On its face, a former senior Justice Department official said the decision not to prosecute is perplexing, because the case was unlikely to reveal investigative sources and methods.
"It's not clear to me, based on the court files that were unsealed, how a prosecution of this person could possibly have compromised U.S. intelligence gathering," Thomas Dupree, former deputy assistant attorney general under the George W. Bush administration, told Fox News. "If it jeopardizes or threatens to disrupt relations with another country, so be it. That you have to draw the line somewhere, and that we need to send a message that this sort of conduct and activity simply will not be tolerated."
The State Department confirmed Xiaoming Gao worked for the Office of Language Services over a four-year period beginning in June 2010. This would have covered the tenures of former Secretary of State Hillary Clinton and sitting Secretary John Kerry.
"She was employed as a contract interpreter until February 2014, is not employed here anymore.
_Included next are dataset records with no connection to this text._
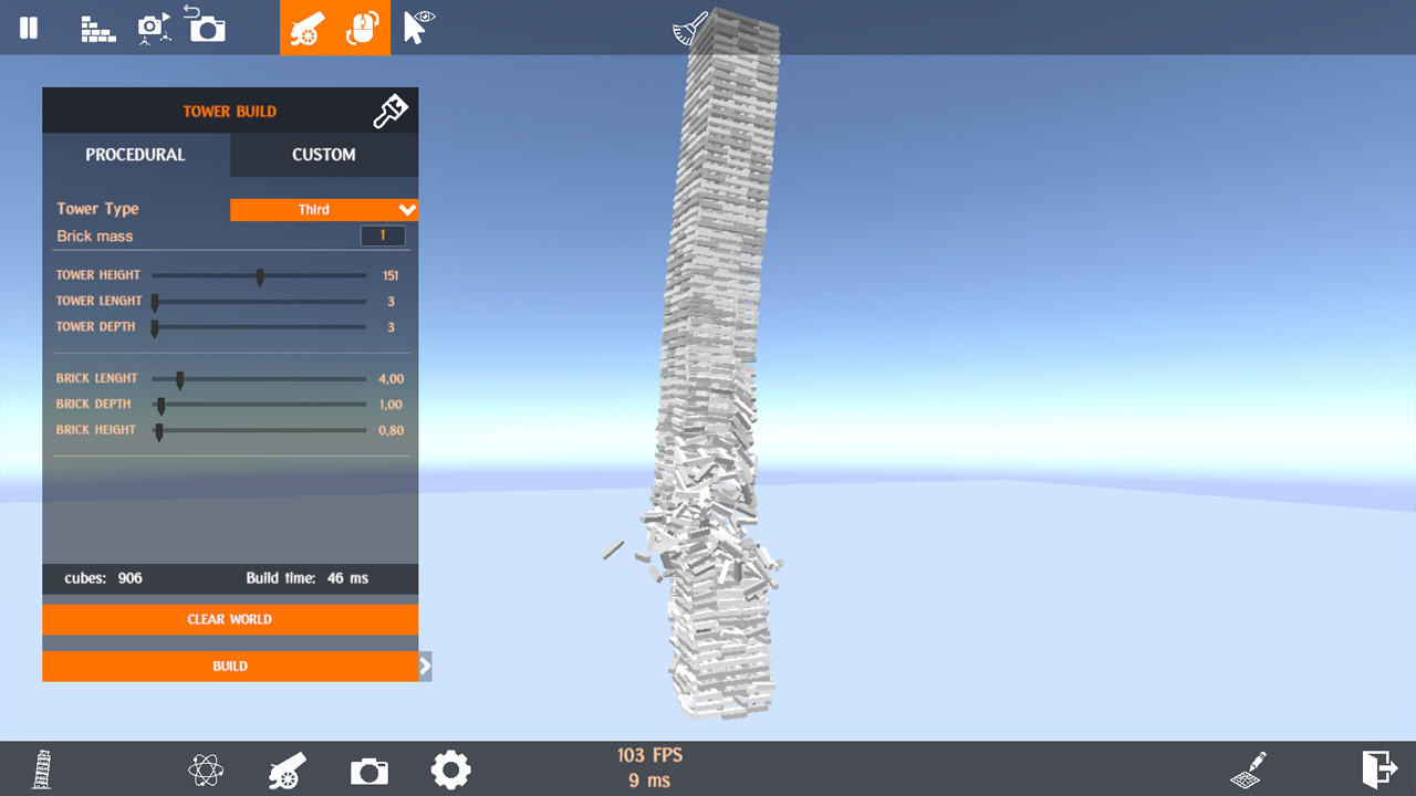 Game allows you to build many kinds of towers from a variety of bricks and experience their dynamic destruction physics in a sandbox environment.Different types of interaction.wrecking ballearthquakewindexplosionSteam workshop supportBuild or improve on existing tower . You can then import them into the game, share them on the Steam workshop.
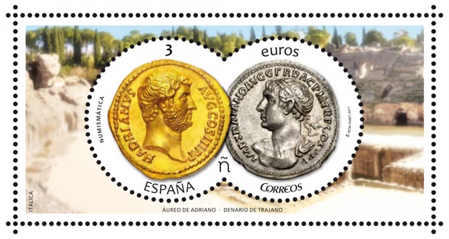 Španielska pošta vydala na sklonku tohto roka zaujímavú poštovú známku s numizmatickým motívom. Jej nominálna hodnota je 3 euro a zobrazuje rímskych cisárov - v ľavej časti zlatá minca aureus s vyobrazením Hadriána a vpravo strieborný denarius s podobizňou Trajána.
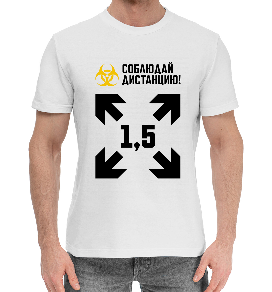 Мужская хлопковая футболка с принтом «Дистанция 1,5»

And so any additional questions on this, I'd refer you to the FBI," spokeswoman Marie Harf said.
When told the FBI was referring Fox News' questions back to State, Harf responded: "I'm referring you back to them."
The documents do not fully explain Gao's side of the story.
Emails and phone calls to the consulting firm, which the translator listed on the web as her employer, have gone unanswered. Fox News extended an invitation to discuss the allegations. No attorney of record was filed with the court.